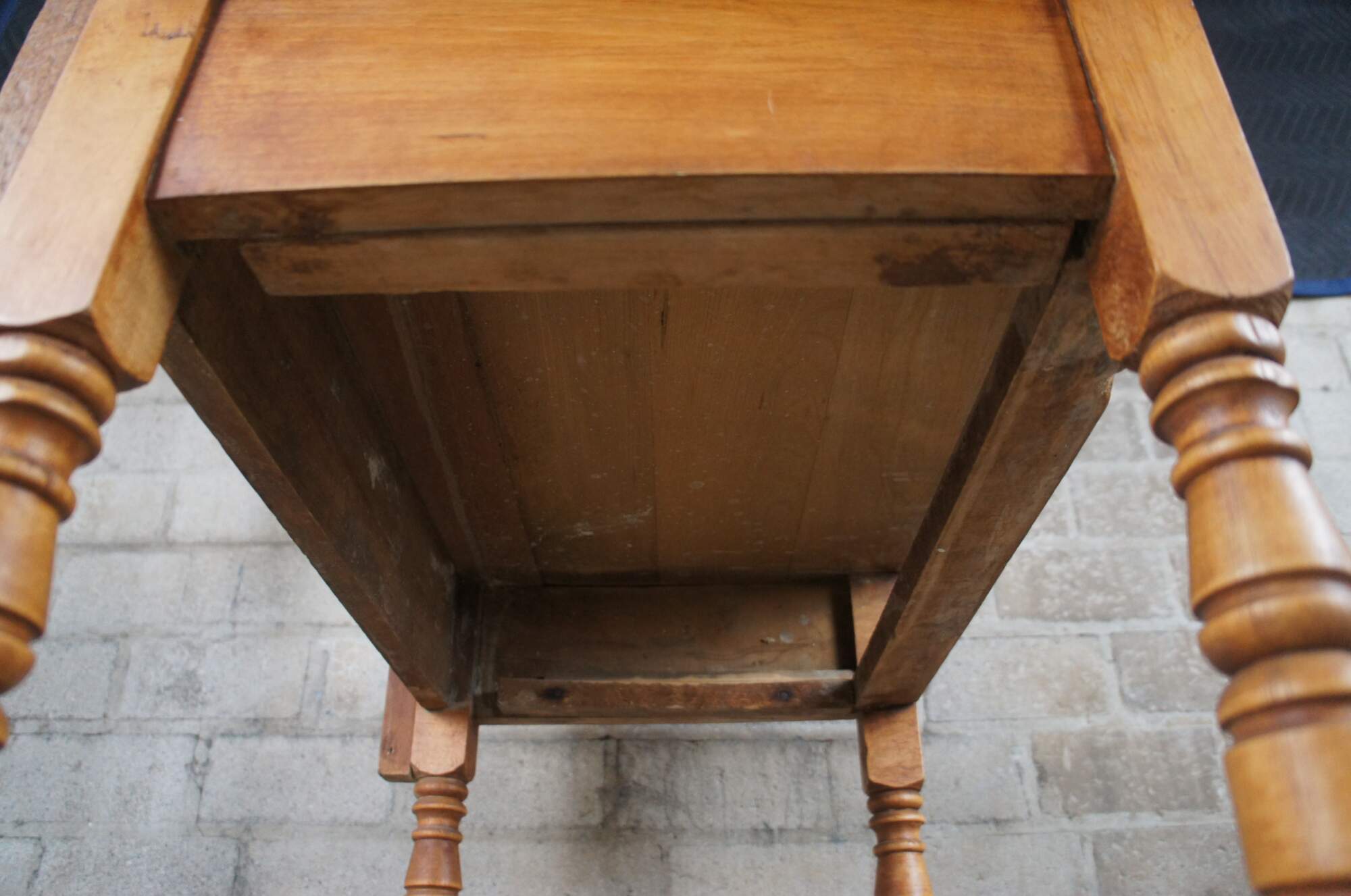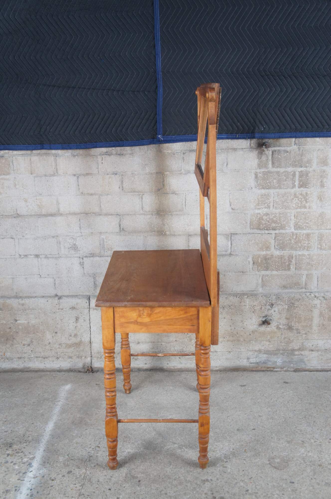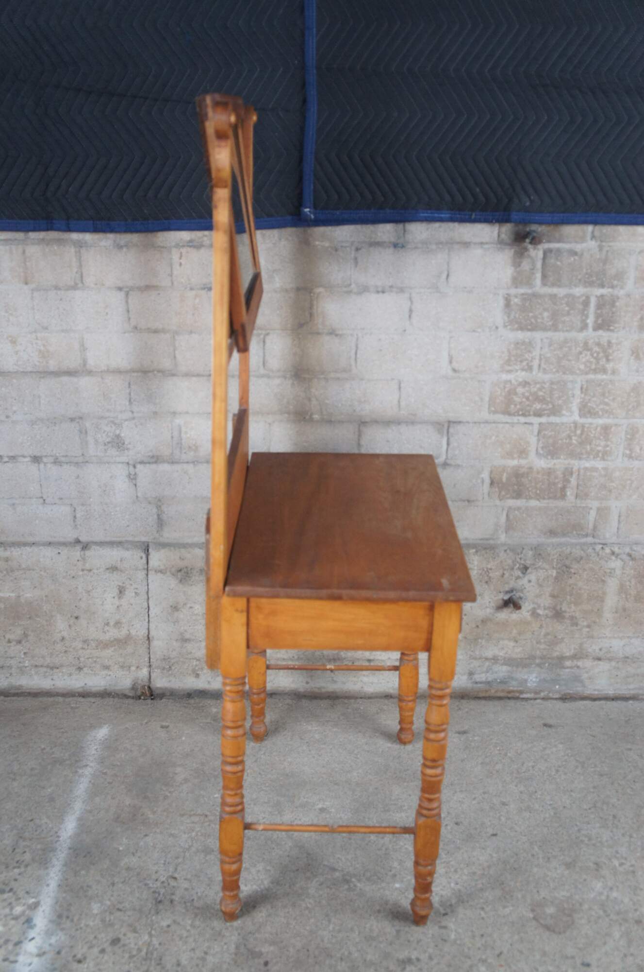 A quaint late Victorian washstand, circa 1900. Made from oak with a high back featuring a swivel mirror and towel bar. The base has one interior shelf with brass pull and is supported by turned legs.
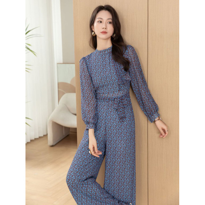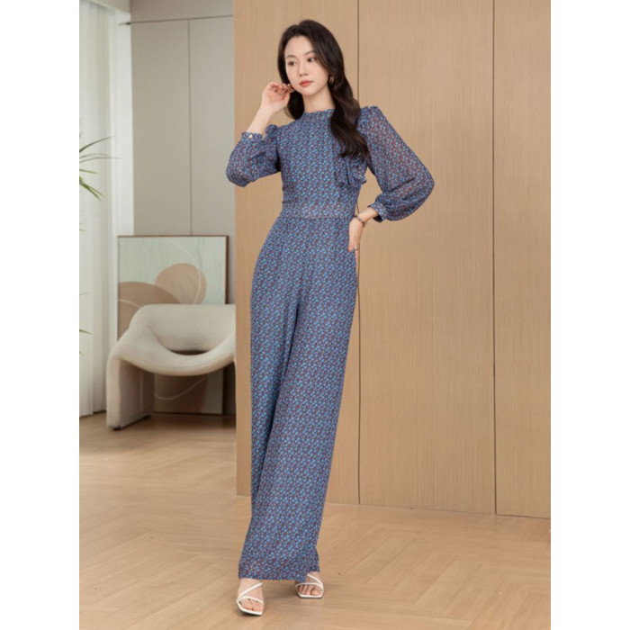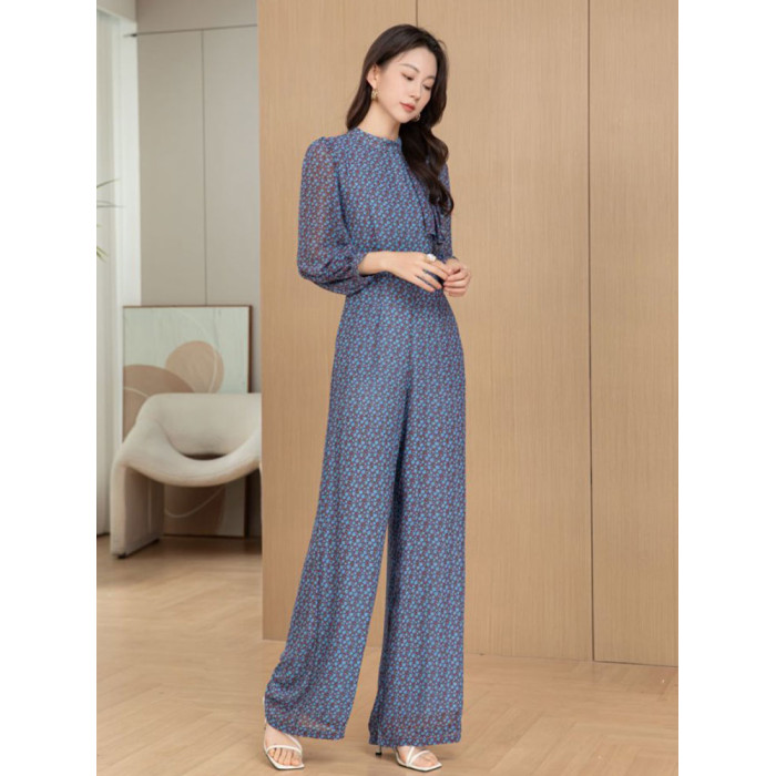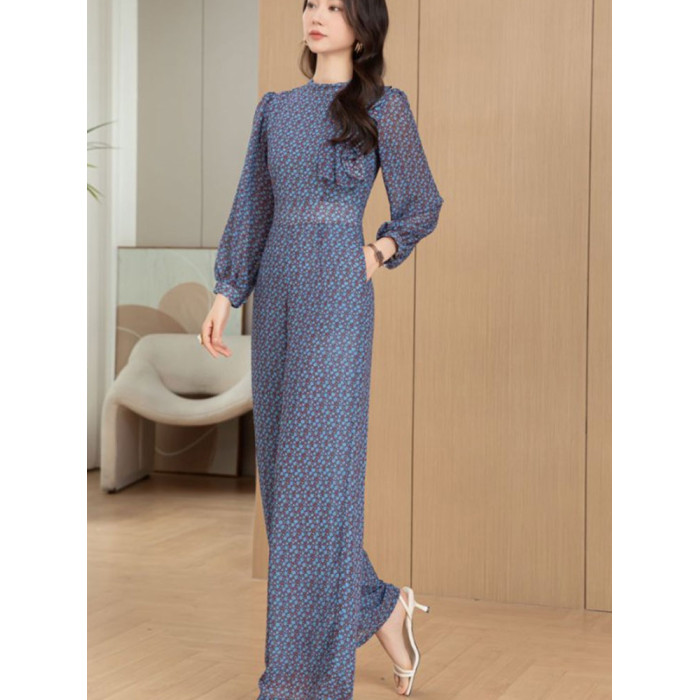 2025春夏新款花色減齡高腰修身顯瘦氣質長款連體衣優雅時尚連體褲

--

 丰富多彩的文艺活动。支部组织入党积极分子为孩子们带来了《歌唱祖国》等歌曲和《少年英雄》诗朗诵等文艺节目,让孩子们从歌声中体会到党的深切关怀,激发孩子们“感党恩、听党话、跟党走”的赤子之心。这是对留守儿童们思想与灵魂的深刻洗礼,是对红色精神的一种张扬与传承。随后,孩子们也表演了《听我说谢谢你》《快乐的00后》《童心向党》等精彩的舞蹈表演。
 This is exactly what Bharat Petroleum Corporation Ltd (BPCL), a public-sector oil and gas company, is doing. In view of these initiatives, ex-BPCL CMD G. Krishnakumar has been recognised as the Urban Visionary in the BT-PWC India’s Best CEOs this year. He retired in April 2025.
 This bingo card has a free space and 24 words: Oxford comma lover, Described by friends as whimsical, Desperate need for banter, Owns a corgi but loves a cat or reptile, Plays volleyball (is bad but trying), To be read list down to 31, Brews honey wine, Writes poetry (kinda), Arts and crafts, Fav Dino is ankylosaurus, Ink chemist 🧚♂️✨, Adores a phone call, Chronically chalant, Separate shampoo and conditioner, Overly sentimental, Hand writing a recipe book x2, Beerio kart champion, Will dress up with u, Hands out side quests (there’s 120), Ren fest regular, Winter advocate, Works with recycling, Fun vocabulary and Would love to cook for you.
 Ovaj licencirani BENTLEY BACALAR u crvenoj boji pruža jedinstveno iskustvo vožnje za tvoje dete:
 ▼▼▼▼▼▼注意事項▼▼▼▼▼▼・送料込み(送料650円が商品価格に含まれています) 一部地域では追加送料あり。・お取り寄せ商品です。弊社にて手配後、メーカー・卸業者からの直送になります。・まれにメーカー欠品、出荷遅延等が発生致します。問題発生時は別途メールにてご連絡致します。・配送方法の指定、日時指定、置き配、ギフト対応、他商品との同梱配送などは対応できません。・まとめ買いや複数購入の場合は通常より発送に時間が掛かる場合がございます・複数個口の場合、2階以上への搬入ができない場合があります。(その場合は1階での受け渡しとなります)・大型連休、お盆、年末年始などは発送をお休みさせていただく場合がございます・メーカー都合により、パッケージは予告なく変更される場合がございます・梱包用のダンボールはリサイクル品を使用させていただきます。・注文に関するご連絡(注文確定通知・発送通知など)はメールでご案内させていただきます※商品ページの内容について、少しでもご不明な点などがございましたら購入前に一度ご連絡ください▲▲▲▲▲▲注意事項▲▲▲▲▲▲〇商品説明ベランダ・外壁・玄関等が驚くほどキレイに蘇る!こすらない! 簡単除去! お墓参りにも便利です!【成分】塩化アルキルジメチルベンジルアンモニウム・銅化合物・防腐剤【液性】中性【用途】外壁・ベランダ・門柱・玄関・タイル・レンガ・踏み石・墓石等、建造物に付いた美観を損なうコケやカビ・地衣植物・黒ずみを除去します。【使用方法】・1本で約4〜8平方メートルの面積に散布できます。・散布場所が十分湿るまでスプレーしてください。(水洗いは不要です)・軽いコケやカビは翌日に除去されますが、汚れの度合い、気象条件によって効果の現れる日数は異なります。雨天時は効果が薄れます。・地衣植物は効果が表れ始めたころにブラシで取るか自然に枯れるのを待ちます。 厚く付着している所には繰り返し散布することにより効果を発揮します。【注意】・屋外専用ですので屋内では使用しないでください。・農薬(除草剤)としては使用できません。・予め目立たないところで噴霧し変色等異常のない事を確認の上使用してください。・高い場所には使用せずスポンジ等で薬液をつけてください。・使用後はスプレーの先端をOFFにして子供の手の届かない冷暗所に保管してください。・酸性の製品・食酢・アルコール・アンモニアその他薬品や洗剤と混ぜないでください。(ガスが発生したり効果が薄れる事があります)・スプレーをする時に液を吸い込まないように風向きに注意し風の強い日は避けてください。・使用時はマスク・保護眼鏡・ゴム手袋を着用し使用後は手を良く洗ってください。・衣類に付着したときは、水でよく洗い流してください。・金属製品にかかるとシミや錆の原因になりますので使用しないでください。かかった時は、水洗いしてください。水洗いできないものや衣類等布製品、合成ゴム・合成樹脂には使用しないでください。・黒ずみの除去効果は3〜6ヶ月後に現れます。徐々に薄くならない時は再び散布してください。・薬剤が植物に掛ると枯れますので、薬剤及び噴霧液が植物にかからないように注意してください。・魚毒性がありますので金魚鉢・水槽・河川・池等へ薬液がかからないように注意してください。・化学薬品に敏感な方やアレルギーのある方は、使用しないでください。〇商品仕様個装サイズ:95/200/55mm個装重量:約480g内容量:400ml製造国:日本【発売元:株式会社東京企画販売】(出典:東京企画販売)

* * *

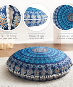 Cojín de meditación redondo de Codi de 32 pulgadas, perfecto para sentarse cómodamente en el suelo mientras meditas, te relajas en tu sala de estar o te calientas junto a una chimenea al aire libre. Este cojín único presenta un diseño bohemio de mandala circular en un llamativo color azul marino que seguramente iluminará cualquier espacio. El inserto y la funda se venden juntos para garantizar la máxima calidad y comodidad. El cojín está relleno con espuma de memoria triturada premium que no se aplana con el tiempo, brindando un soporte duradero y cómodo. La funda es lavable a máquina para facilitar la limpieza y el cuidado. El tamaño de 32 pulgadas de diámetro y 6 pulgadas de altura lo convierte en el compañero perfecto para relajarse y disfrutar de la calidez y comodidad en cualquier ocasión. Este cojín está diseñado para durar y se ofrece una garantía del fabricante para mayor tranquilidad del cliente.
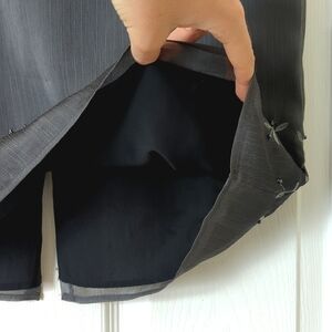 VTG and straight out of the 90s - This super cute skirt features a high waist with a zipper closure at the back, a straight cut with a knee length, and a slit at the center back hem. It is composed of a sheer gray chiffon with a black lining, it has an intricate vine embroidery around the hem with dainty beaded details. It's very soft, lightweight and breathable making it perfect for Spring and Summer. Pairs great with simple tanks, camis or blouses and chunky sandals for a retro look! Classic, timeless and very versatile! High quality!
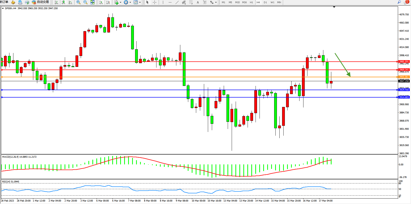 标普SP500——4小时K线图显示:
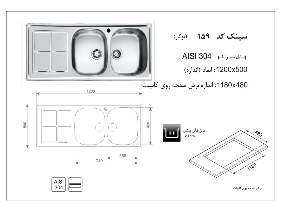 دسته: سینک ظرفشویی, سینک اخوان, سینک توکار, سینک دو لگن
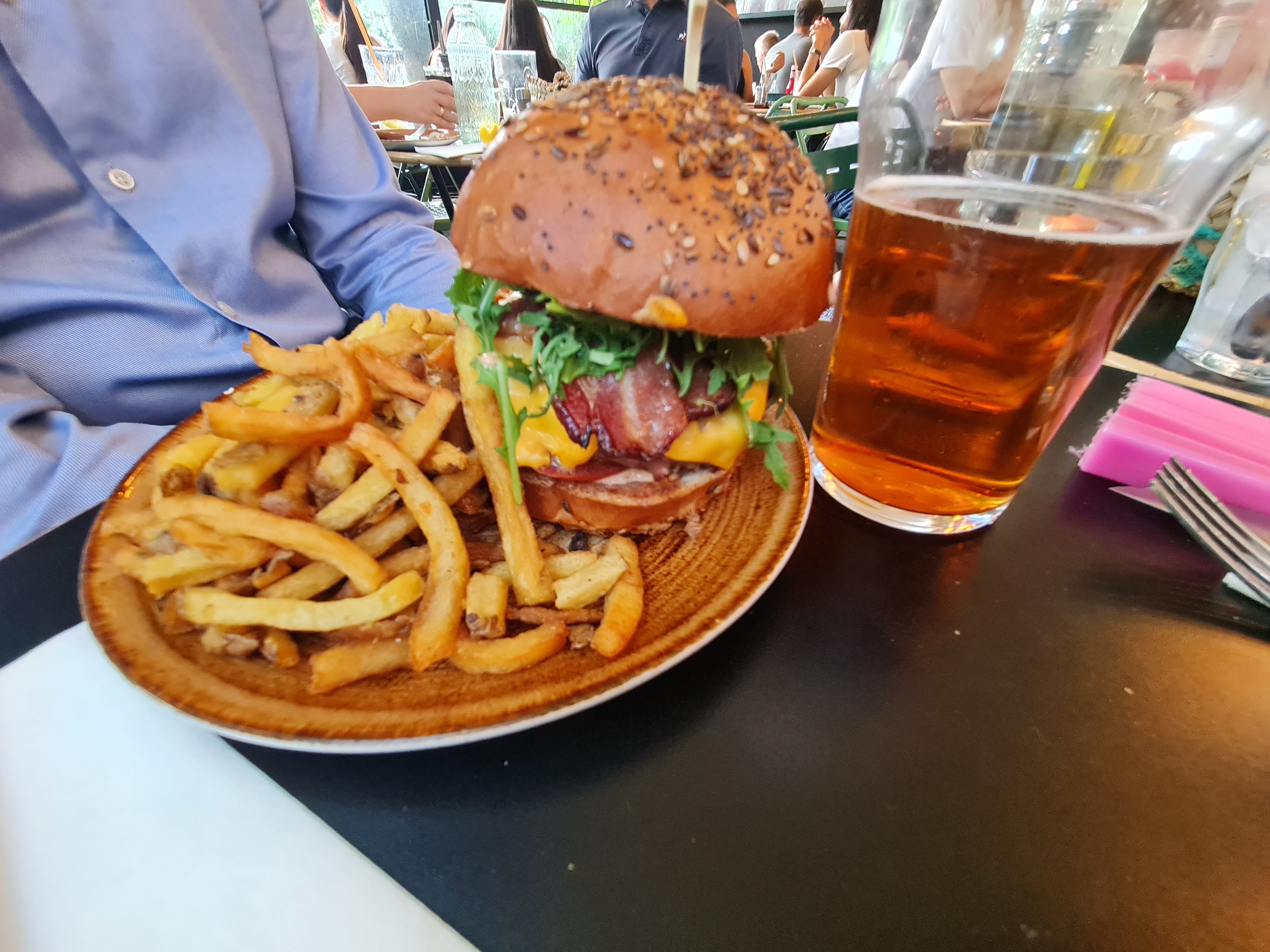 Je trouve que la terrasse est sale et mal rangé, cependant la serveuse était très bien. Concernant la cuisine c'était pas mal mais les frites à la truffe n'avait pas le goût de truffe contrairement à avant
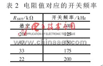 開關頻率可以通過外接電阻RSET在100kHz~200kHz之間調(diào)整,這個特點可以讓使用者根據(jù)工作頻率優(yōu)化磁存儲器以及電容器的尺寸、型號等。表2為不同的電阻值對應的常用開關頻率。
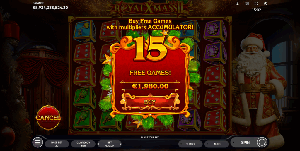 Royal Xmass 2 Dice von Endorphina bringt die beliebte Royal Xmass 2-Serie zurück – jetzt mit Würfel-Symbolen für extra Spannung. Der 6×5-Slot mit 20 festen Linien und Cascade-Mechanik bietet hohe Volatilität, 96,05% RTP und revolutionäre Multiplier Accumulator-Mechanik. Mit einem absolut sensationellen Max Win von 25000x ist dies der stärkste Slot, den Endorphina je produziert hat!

## Problem description
Leave the pictures out, and transcribe exactly the lines above starting at the one that contains "A quaint late" and ending at the one that contains "2025春夏新款花色減齡高腰修身顯瘦氣質長款連體衣優雅時尚連體褲".

## Answer section
 A quaint late Victorian washstand, circa 1900. Made from oak with a high back featuring a swivel mirror and towel bar. The base has one interior shelf with brass pull and is supported by turned legs.
 2025春夏新款花色減齡高腰修身顯瘦氣質長款連體衣優雅時尚連體褲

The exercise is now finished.